What is very smart in all of this is that the New York Times is thinking ahead. The deluge of e-Readers that are about swamp the market will most likely funnel down into a paid prescription sort of package, as that internet providers will not be able to squeeze a third monthly charge for access. Your home connection, your phone and your tablet. It just won’t fly. But wrap that up together in a package with different content packages and I’ll buy it.
The most important thing is that as technology steps into this new decade you will see an advance in e-readers that will make the hype for the Apple tablet seem without basis. Flexible screens, that you can fold and shove into your bag will be the tipping point for a complete exodus to digital news, as it will no longer make sense, neither environmentally nor economically, to produce a majority of printed news. Having begun to step into the waters of paid subscription again, the New York Times will, even if running a skeleton crew, still be alive for this new time of jubilee that will once again reposit newspapers as pillars of wealth as well as culture.

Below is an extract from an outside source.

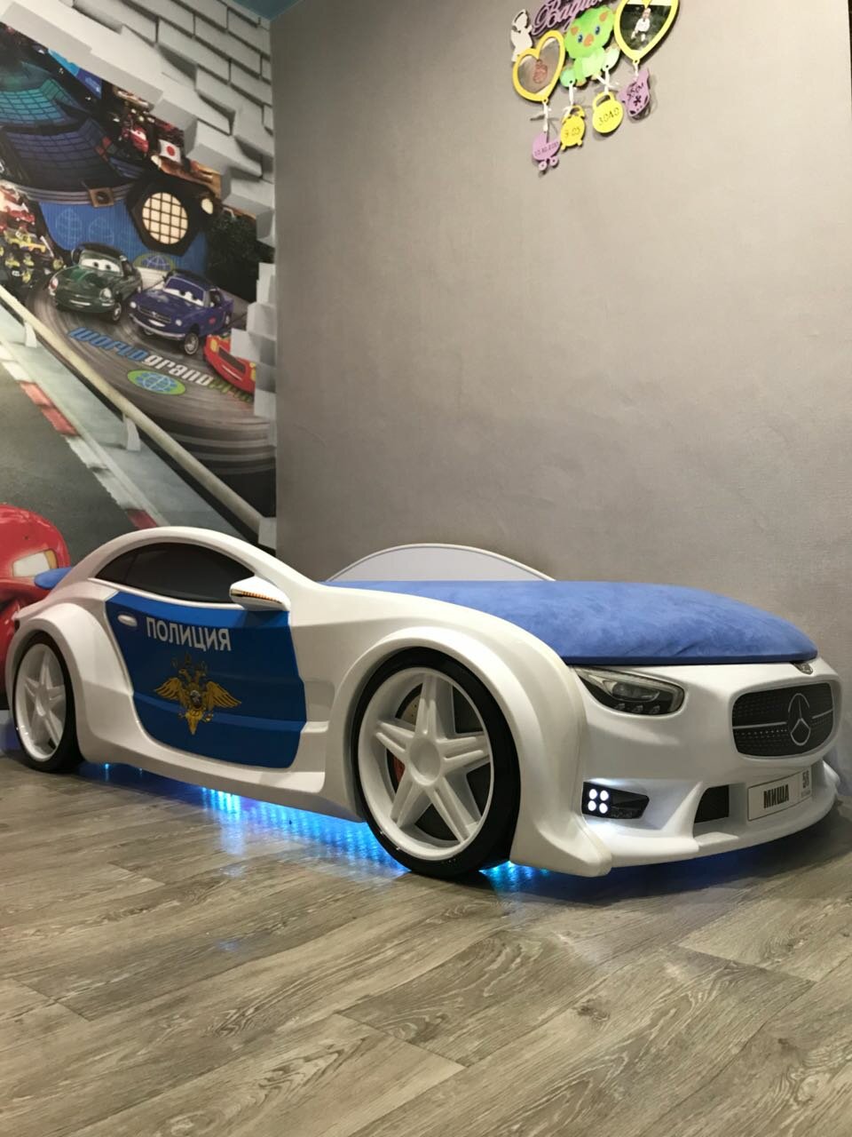 Кроватка Futuka Kids кровать-машина Neo Мерседес полиция c фарами

Whatever the Apple Tablet may turn out to be, based on the speculation of what it is purported to be, they are missing the boat. I don’t need an expensive one-sided laptop. But an affordable flexible reader that has my choice of content, that I can follow hyperlinks for further exploration or word/fact look ups, email articles to my friends, see videos attached to the news, fold up and shove in my bag; that will be a game changer, and worthy of subscription fees. I’m glad to see NY Times getting ready for that kind of game.
I’m also glad that subscribers to the physical paper will get free access to the site, that is fair and makes sense, I love reading the Times in my hands, but for passing articles and information on to friends and clients, the on-line site is essential. And will hold me over till the future arrives.